A small fungal enzyme could play a significant role in simplifying the development and manufacture of drugs, according to Rice University scientists. The Rice lab of chemical and biomolecular engineer Xue Sherry Gao and collaborators isolated a biocatalyst known as CtdE after identifying it as the natural mechanism that controls the chirality of the left- or right-handedness of compounds produced by the native fungal host. The open-access study appears in Nature Communications.
Two chiral things are, like hands, alike in structure but cannot perfectly overlap. Because the property is important in designing drugs that bind correctly to their targets, the ability to achieve 100% correct chirality is highly desired. It's important because if a pharmaceutical drug has the wrong stereochemistry (chirality in three dimensions), it could become a poison to humans, even if the planar chemical structure is the same.
Like left or right orientation in chiral objects, what's known as a 3S or 3R orientation is determined by a molecule's stereocenter, a one-atom connection between parts of a molecule. But while nature handles the process with ease, selectively synthesizing stereocenters has been a challenge for chemists. The entire mechanism behind nature's ability to control whether a molecule has a 3S or 3R orientation has been hidden from view until now. Understanding how it works in fungi and analyzing its structure could give scientists, particularly those who design drugs, a new chemical synthesis tool.

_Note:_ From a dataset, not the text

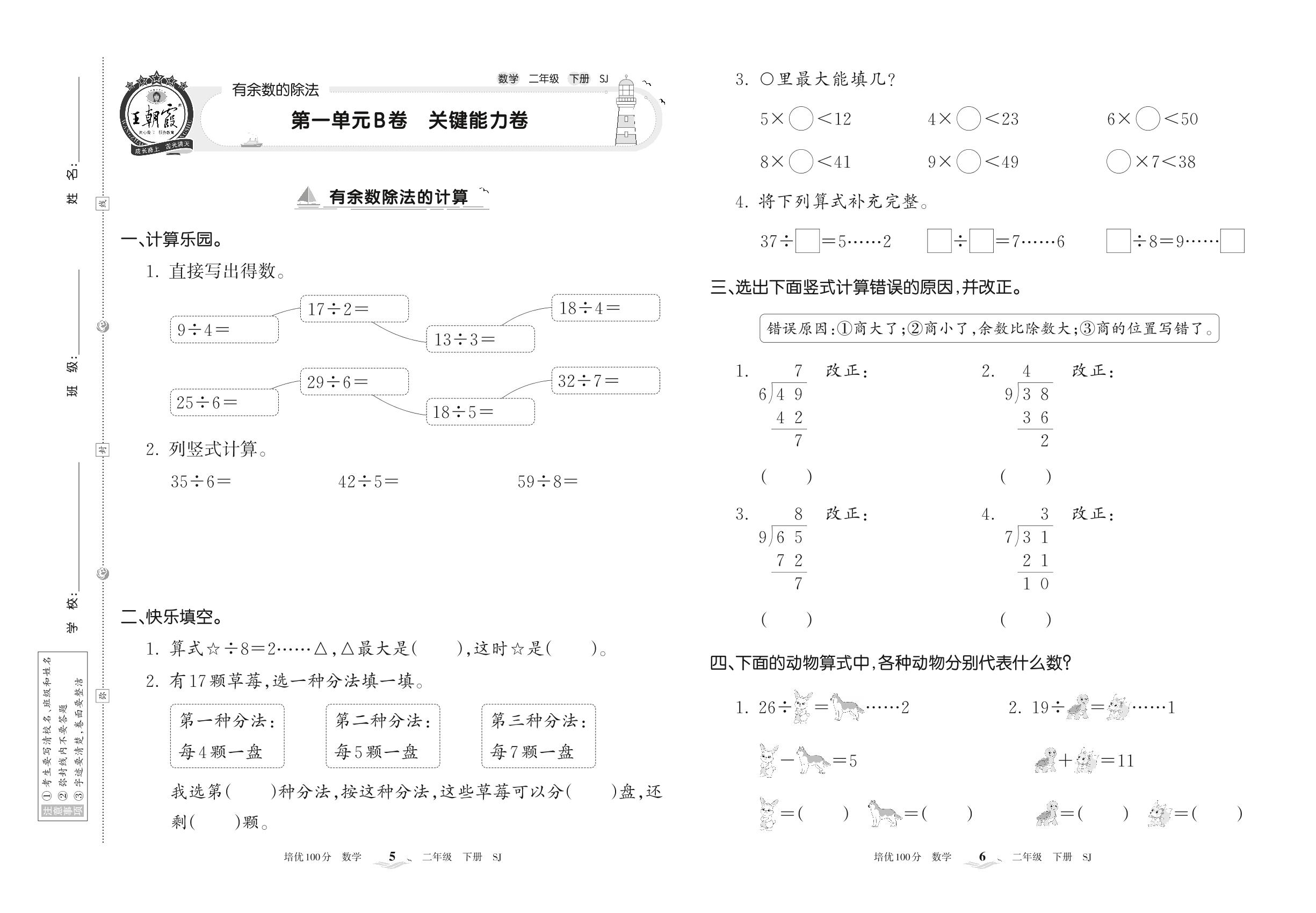 2022下册二年级数学苏教版 第一单元B卷 关键能力卷

The focus of the study, a bioactive natural product is known as 21R-citrinadin A, discovered in 2004 in a marine-derived fungal strain of Penicillium citrinum, is toxic to leukemia in mice and human lung cancer cells.
21R-citrinadin A is a very complicated molecule, with eight stereocenters. In a way, the paper emphasizes how nature uses enzymes to synthesize a complex molecule with such precision. Eight different stereocenters are a lot to control. The molecule incorporates a very intriguing 3S spirooxindole ring. Nature produces several other chemicals with a similar spirooxindole pharmacophore. However, we became very curious that some of them contain a 3R spirooxindole ring, the opposite of 3S in citrinadins. All the genes responsible for expressing this small molecule are clustered together in these fungi, so first we found the gene cluster and looked at each gene individually to see which one could be the most important to catalyze the specific chemical transformations.
Gao said, once we find it, we can take that gene outside of the fungus, put it back into a user-friendly host, E. coli, and then use protein purification technology to isolate and test its function in a test tube. By doing everything outside of the fungus, we can be sure there's only one enzyme that performs this one function.
The modified E. coli express CtdE protein in bulk. When subsequently used in chemical transformations, CtdE catalyzed the desired 3S stereoselectivity across the board.
She said, a spirooxindole is hard to synthesize already. Our goal was to understand the mechanism of how the enzyme controls this specific 3S stereochemistry.
Bioinformatic analysis, X-ray crystallography, and experiments confirmed that CtdE is solely responsible for catalyzing 3S stereoselectivity, Gao said. (Another enzyme, PhqK, was already known to catalyze 3R orientation.) "Having a set of two enzymes that give precise control over stereochemistry will eventually improve the synthesis in pharmaceutical production," she said.
Gao noted that because CtdE works at room temperature, it will help keep chemistry green" as well. Hopefully, these biocatalysts will catalyze chemical reactions in a more environmentally friendly way.
Postdoctoral researchers Zhiwen Liu and Fanglong Zhao of Rice and graduate student Boyang Zhao of Baylor College of Medicine are co-led authors of the paper.